Agentic_data_scientist/
│
├── app.py # Streamlit frontend
├── api.py # FastAPI backend (async, background tasks)
│
├── agents/
│ ├── profiler.py # Stage 1 — statistical profiling
│ ├── cleaner.py # Stage 2 — data cleaning
│ ├── visualizer.py # Stage 4 — Plotly EDA charts
│ ├── ml_engineer.py # Stage 5 — Optuna hyperparameter tuning
│ ├── report_generator.py # Stage 6 — PDF report
│ └── tools.py # Placeholder for future agent tools
│
└── core/
├── pipeline.py # Orchestrates all six stages
├── manager_validator.py# LLM-powered quality gate (with rule fallback)

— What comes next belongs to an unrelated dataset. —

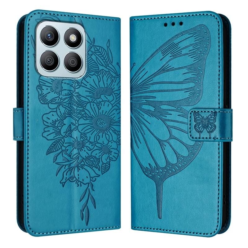 Για Honor X8b ανάγλυφη πεταλούδα δερμάτινη θήκη τηλεφώνου (μπλε)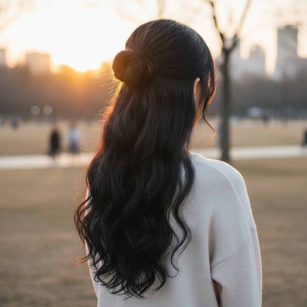 Fiber Sentetik Dalgalı Yarım Ay + 2 Yan Çıt Çıt - Siyah

├── llm.py # HuggingFace LLM wrapper
└── models.py # Pydantic request/response models
The frontend and backend are decoupled — Streamlit talks to FastAPI over HTTP, so the UI stays responsive while the pipeline runs in the background.
git clone <your-repo>
cd Agentic_data_scientist
pip install -r requirements.txtCopy .env and add your HuggingFace API key (optional — free models work without one):
# .env
HF_API_KEY=hf_your_key_here # optional, needed for gated models
HF_MODEL_NAME=Qwen/Qwen2.5-7B-Instruct # recommendedRecommended model:
Qwen/Qwen2.5-7B-Instruct— best JSON reliability for the Manager Agent. See the Model Selection section below.
python api.py
# or
uvicorn api:app --host 0.0.0.0 --port 8000 --reloadstreamlit run app.pyOpen http://localhost:8501 in your browser.

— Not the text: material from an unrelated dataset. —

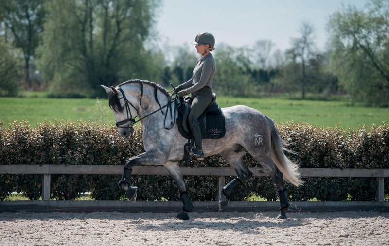 NL Stables Lucero NR is a beautiful approved stallion with a super sweet character. His impressive appearance immediately leaves an unforgettable impression. Lucero comes from the well-known breeder Yeguada Romerito in Malaga. He has three good gaits, a nice walk, an extremely spacious trot with strong hind leg use, and a very beautiful upward canter. It is a horse that moves with a lot of suppleness, a promise for the future. Lucero jumps a confirmed series and is being trained at the ZZ-heavy level. Lucero comes directly from the breeder and is fully approved. www.nlstables.com

- Upload a CSV file via the sidebar
- Select the target column from the dropdown
- Choose problem type:
classificationorregression - Click 🚀 Run Pipeline
- Watch real-time logs as each stage completes
- Download the trained model (
.pkl), cleaned data (.csv), or full report (.pdf) from the Downloads tab
The Manager Agent uses an LLM to evaluate cleaning and model quality. The model is configured via HF_MODEL_NAME in .env.
| Model | Size | Notes |
|---|---|---|
Qwen/Qwen2.5-7B-Instruct |
7B | Recommended. Best JSON output, ungated, free |
meta-llama/Meta-Llama-3.1-8B-Instruct |
8B | Excellent reasoning, requires HF access approval |
microsoft/Phi-3.5-mini-instruct |
3.8B | Fastest, good for rate-limited free tier usage |
mistralai/Mistral-7B-Instruct-v0.3 |
7B | Original default, works but more verbose |
If the LLM call fails for any reason (rate limit, network, parse error), the Manager automatically falls back to rule-based evaluation — so the pipeline always completes.
The Manager uses a two-tier system:
Tier 1 — LLM evaluation (when API is reachable)

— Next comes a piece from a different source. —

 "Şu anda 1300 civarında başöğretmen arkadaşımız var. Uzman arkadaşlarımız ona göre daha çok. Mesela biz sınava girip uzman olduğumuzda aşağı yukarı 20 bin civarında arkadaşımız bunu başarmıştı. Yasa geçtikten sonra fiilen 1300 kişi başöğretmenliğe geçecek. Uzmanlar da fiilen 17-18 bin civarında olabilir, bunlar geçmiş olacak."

- Sends the data profile + cleaning log (or model metrics) to the LLM
- Expects a JSON response:
{"approved": true/false, "feedback": "..."} - If
approved: false, the feedback is passed back to the relevant agent for a targeted retry
Tier 2 — Rule-based fallback (always available)
- Cleaning: checks that missing values, outliers, and scaling were all addressed
- ML: checks that the best model's held-out test score clears a minimum threshold (0.65 accuracy for classification, 0.40 R² for regression)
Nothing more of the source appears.